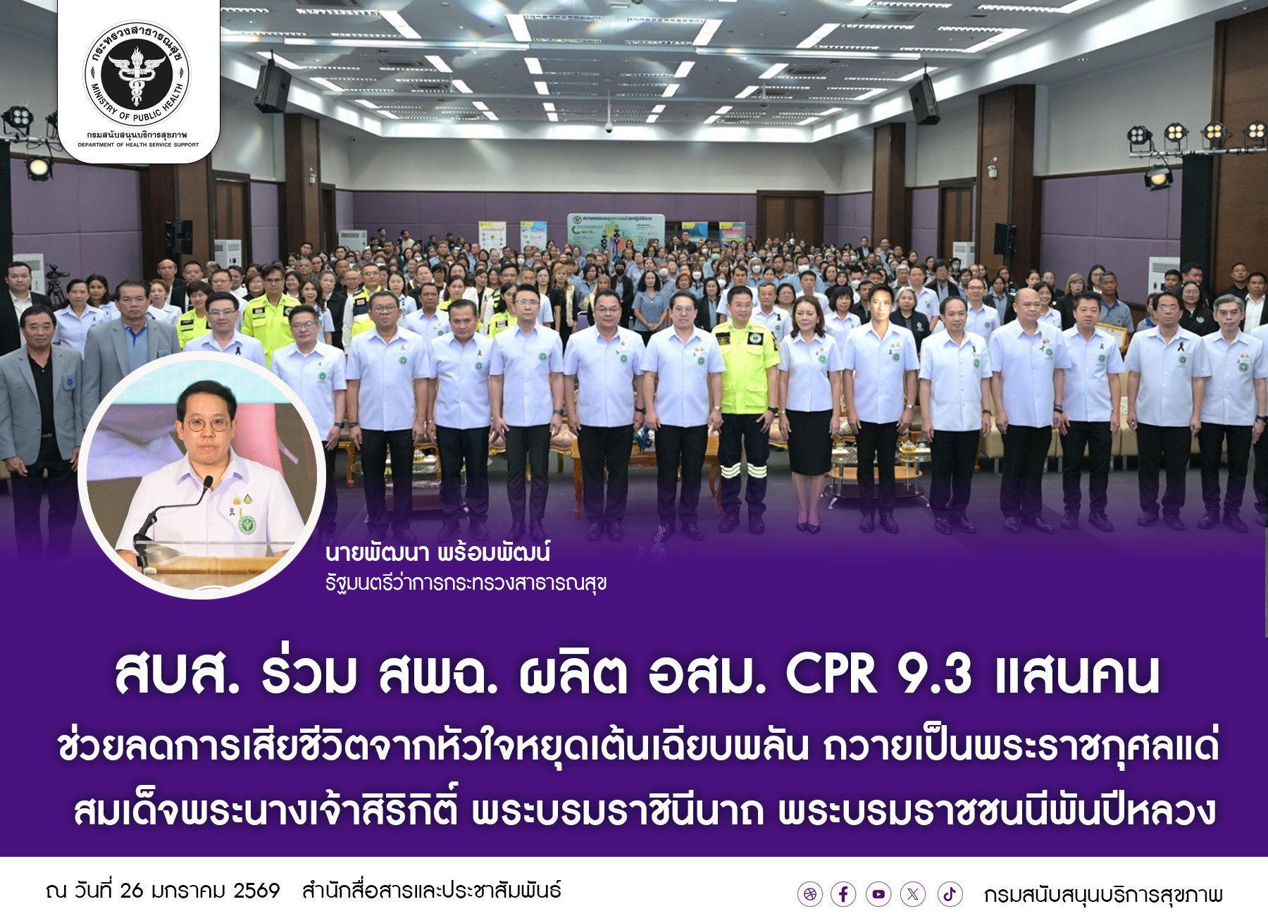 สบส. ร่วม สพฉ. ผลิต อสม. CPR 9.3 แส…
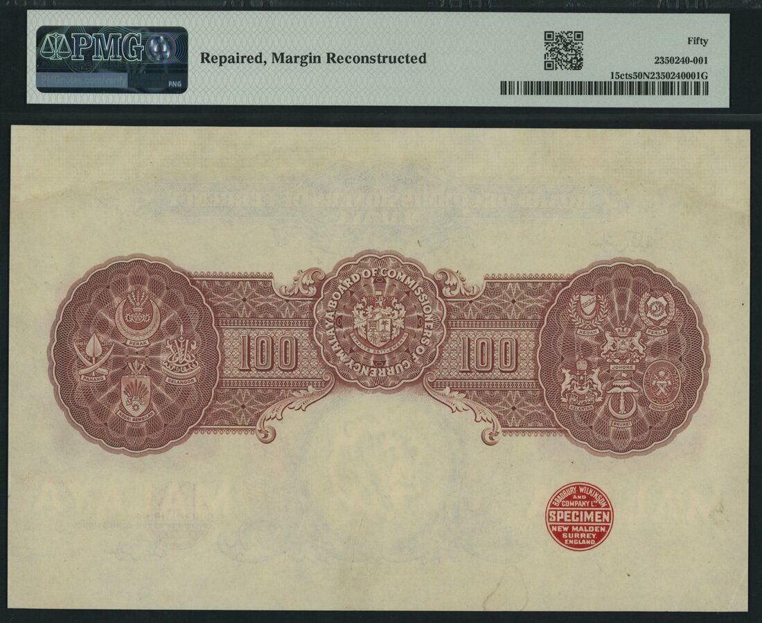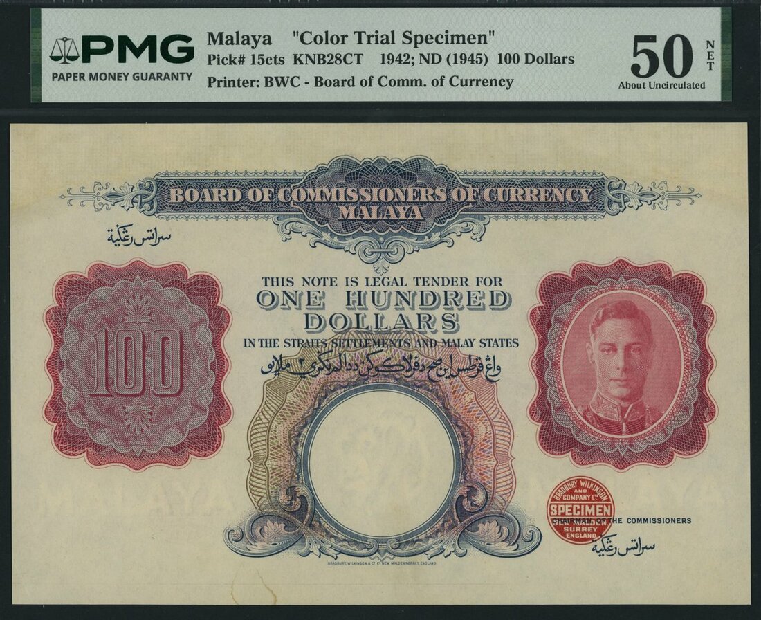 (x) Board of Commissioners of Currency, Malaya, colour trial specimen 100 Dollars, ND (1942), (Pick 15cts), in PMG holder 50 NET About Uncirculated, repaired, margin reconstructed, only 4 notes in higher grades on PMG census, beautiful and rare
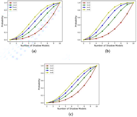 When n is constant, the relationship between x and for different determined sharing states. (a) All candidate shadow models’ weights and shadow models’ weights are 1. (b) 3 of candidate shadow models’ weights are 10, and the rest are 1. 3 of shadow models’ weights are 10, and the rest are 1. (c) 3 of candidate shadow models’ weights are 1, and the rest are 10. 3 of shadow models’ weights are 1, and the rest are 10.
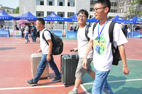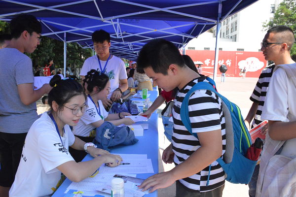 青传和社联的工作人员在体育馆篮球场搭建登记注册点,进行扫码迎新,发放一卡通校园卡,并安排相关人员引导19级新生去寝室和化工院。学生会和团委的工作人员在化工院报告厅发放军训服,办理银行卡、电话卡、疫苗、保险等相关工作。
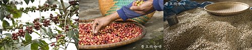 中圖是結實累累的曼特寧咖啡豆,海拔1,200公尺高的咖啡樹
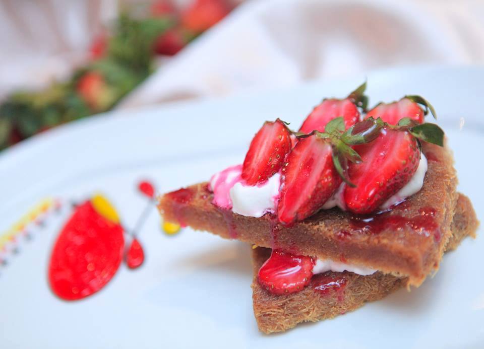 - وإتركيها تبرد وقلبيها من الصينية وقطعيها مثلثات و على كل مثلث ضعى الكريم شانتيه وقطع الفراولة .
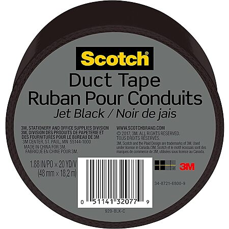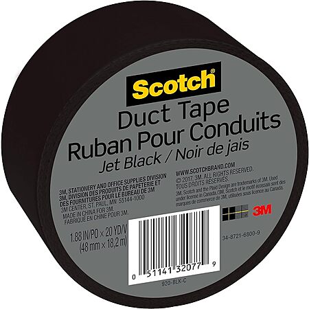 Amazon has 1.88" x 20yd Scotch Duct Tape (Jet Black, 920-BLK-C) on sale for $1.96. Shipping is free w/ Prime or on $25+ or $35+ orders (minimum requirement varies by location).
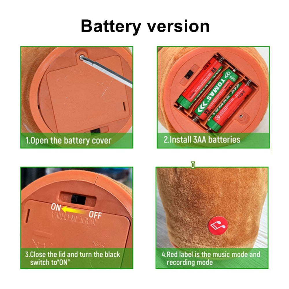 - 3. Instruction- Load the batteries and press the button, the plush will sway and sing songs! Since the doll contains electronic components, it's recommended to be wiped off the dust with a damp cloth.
· · · · ·
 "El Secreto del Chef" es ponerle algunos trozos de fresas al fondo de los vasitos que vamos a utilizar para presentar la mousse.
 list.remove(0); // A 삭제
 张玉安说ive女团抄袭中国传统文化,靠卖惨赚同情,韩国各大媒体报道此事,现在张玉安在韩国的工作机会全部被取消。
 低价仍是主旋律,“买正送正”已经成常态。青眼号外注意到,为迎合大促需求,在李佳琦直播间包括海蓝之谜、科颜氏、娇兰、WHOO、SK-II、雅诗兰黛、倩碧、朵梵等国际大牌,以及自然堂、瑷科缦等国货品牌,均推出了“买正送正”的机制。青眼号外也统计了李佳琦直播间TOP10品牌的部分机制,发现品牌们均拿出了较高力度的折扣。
· · · · ·
Take the material above from the line bearing "สบส. ร่วม สพฉ. ผลิต อสม. CPR 9.3 แส…" through the line bearing "(x) Board of" and write it out exactly, both end lines included. Pictures stay out.

 สบส. ร่วม สพฉ. ผลิต อสม. CPR 9.3 แส…
 (x) Board of Commissioners of Currency, Malaya, colour trial specimen 100 Dollars, ND (1942), (Pick 15cts), in PMG holder 50 NET About Uncirculated, repaired, margin reconstructed, only 4 notes in higher grades on PMG census, beautiful and rare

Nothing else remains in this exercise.